Quelle part des encours intègre des critères ESG ?

L’article 1er du décret modifie l’article D. 533-16-1 du code monétaire et financier, et demande aux activités de gestion de portefeuille pour compte de tiers de publier des informations en matière de durabilité. Elles devront procéder à une distinction par classes d’actifs (et en décrivant la façon dont cette distinction a été opérée), tout en précisant pour chaque information la part du pourcentage et le montant en euros des encours ou du bilan. Le périmètre des entités et produits financiers auxquels la prise en compte des critères ESG s’applique et, lorsqu’un échéancier est fixé, la date d’entrée en vigueur des engagements devront aussi être communiqués.
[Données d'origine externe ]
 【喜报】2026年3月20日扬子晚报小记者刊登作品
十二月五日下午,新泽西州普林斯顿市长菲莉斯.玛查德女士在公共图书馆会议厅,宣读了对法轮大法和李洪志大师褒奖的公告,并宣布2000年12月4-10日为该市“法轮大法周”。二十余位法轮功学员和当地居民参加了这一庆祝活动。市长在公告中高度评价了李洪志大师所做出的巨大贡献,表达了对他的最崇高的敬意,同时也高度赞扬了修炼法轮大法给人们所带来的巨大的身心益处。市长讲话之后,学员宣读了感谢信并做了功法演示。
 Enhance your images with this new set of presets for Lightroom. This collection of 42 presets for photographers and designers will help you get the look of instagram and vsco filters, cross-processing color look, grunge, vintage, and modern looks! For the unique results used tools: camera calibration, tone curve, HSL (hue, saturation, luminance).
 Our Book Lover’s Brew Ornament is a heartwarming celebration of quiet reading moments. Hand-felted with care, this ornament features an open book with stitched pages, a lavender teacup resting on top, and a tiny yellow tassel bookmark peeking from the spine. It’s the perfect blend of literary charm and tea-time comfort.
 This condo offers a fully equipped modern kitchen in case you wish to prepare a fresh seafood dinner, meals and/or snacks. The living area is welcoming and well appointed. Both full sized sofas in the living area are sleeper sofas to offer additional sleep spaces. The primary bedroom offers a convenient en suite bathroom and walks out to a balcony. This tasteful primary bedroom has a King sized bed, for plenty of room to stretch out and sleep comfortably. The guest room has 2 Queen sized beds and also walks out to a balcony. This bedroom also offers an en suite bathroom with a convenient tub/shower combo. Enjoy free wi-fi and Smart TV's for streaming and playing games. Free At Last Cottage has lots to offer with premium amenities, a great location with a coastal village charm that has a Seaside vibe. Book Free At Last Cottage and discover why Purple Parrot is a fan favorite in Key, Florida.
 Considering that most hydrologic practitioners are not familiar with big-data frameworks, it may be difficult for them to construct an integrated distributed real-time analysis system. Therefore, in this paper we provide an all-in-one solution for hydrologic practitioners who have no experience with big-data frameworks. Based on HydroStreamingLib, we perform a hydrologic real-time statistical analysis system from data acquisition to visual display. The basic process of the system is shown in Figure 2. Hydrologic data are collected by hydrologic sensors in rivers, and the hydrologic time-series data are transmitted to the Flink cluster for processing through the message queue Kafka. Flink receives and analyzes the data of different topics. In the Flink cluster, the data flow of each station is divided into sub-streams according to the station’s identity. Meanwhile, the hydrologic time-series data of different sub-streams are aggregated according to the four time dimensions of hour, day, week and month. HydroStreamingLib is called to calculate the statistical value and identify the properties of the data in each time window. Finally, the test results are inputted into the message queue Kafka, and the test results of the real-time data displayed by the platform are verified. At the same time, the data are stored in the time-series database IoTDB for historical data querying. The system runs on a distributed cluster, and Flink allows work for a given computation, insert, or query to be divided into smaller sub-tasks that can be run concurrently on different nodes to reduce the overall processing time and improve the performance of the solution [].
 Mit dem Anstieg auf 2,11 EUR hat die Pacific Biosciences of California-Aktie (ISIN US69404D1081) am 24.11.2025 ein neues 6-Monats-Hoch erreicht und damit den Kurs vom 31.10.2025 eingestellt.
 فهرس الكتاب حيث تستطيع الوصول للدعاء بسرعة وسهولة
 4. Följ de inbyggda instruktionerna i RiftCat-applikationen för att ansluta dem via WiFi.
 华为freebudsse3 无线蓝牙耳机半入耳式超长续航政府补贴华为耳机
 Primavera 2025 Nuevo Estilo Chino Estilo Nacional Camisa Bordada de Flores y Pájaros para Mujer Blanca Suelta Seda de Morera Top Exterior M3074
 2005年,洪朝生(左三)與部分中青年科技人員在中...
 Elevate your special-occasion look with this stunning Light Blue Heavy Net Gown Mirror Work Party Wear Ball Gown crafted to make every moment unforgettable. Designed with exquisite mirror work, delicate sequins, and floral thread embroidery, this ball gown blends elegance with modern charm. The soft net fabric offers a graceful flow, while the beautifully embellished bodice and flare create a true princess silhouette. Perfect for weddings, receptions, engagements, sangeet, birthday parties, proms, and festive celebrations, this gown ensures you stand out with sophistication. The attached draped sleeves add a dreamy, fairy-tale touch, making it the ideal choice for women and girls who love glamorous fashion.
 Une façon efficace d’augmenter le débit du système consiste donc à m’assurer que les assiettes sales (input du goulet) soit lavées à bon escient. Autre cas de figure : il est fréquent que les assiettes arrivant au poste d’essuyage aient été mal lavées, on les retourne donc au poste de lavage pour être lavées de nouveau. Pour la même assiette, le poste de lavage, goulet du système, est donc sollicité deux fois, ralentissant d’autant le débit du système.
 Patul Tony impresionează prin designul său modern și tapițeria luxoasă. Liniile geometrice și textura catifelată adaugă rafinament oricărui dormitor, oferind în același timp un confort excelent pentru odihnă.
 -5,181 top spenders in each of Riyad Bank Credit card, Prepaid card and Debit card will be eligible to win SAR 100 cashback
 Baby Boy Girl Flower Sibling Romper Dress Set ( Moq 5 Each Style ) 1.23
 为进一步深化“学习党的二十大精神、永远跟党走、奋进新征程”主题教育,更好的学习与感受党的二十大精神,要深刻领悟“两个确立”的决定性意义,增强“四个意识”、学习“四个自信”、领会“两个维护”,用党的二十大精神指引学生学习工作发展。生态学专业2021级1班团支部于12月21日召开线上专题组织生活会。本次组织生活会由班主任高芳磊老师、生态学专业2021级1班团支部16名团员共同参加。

Le reporting sur les critères ESG intègrera :

  • Les informations relatives à la démarche générale de l’entité :

- Présentation résumée de la démarche générale sur la prise en compte de critères ESG

- Contenu, fréquence et moyens utilisés par l’entité pour informer ses parties prenantes sur les critères relatifs aux objectifs ESG pris en compte dans la politique et la stratégie d’investissement

- Liste des produits financiers mentionnés en vertu des articles 8 et 9 du règlement SFDR, et la part globale (en pourcentage) des encours sous gestion prenant en compte des critères ESG dans le montant total des encours gérés par l’entité

- Prise en compte des critères ESG dans le processus de prise de décision, ainsi que l’adhésion de l’entité ou de certains produits financiers à une charte, un code, une initiative ou l’obtention d’un label sur des critères ESG

  • Les informations relatives aux moyens internes déployés par l’entité :

- Description des ressources financières, humaines et techniques dédiées à la prise en compte des critères ESG dans la stratégie d’investissement en les rapportant aux encours totaux gérés ou détenus par l’entité

- Actions menées en vue d’un renforcement des capacités internes de l’entité

- Informations relatives à la démarche de prise en compte des critères ESG au niveau de la gouvernance de l’entité (dont la politique de rémunération)

- Informations sur la stratégie d’engagement auprès des émetteurs ou vis-à-vis des sociétés de gestion ainsi que sur sa mise en œuvre

- Informations relatives à la taxonomie européenne et aux combustibles fossiles

- Informations sur la stratégie d’alignement avec les objectifs internationaux de limitation du réchauffement climatique prévus par l’accord de Paris

- Informations sur la stratégie d’alignement avec les objectifs de long terme liés à la biodiversité ;

- Informations sur les démarches de prise en compte des critères ESG dans la gestion des risques.

 

Reporting sur le climat

Les entités devront publier leur stratégie d’alignement avec les objectifs de long terme de l’accord de Paris relatifs à l’atténuation des émissions de gaz à effet de serre. Elles devront aussi, le cas échéant, publier leur stratégie bas-carbone pour les produits financiers dont les investissements sous-jacents sont entièrement réalisés sur le territoire français.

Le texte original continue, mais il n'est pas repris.